-- PROVIDED RECORDS follows --

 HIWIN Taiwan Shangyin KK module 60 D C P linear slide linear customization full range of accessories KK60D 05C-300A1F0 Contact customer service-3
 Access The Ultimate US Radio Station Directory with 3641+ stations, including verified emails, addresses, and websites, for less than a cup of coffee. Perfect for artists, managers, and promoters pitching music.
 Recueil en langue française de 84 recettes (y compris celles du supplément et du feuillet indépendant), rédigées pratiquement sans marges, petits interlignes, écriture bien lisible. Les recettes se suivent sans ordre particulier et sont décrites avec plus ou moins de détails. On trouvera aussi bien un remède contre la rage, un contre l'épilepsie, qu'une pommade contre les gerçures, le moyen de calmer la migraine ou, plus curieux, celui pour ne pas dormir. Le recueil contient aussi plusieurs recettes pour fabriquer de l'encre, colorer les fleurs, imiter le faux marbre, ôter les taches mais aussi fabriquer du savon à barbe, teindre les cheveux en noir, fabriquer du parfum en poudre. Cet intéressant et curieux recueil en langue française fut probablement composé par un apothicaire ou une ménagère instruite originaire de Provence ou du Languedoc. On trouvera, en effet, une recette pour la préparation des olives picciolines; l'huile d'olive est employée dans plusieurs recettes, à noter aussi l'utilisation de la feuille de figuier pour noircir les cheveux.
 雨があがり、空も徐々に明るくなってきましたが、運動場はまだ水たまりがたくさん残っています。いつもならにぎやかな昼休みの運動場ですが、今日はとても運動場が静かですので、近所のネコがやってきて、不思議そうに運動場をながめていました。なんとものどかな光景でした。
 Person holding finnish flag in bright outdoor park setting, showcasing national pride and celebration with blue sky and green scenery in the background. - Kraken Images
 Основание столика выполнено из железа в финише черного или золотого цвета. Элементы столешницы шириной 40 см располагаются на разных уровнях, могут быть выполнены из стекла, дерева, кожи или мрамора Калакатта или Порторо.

-- PROVIDED RECORDS concluded --
-- PROVIDED RECORDS follows --

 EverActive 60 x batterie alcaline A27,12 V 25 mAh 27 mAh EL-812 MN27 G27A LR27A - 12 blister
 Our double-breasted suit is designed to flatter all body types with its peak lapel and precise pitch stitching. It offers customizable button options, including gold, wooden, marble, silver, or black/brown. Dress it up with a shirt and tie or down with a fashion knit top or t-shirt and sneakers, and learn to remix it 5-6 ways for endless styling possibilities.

-- PROVIDED RECORDS concluded --
-- PROVIDED RECORDS follows --

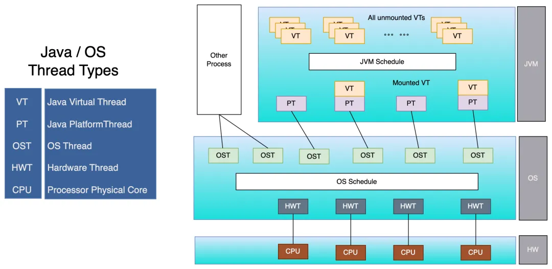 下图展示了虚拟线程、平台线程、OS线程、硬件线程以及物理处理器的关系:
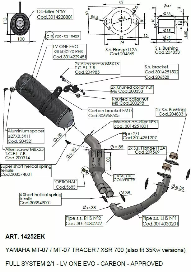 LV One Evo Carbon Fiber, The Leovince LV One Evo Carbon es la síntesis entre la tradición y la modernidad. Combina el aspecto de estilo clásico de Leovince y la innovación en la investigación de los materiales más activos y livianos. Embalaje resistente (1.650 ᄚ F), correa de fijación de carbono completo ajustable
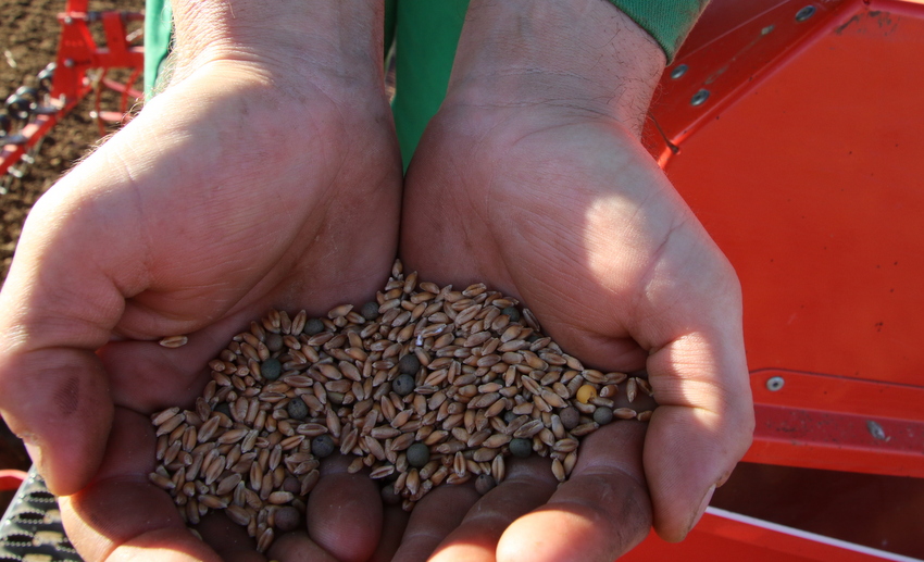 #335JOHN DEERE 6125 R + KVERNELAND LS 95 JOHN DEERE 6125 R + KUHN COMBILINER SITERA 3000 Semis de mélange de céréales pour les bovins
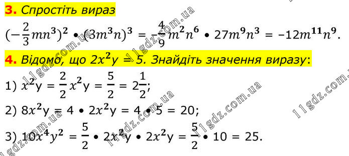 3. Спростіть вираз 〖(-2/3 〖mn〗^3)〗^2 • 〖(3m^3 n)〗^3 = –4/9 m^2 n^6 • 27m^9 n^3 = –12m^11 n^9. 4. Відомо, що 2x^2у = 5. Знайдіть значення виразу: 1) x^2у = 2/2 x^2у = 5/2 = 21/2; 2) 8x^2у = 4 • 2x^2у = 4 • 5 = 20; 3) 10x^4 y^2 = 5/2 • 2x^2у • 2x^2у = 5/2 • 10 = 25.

-- PROVIDED RECORDS concluded --

- WHAT THE EXERCISE ASKS
From the entries above, restate word for word the lines from the line containing "HIWIN Taiwan Shangyin" to the line containing "Access The Ultimate", both ends included, and nothing more.

- OUTPUT OF THE EXERCISE
 HIWIN Taiwan Shangyin KK module 60 D C P linear slide linear customization full range of accessories KK60D 05C-300A1F0 Contact customer service-3
 Access The Ultimate US Radio Station Directory with 3641+ stations, including verified emails, addresses, and websites, for less than a cup of coffee. Perfect for artists, managers, and promoters pitching music.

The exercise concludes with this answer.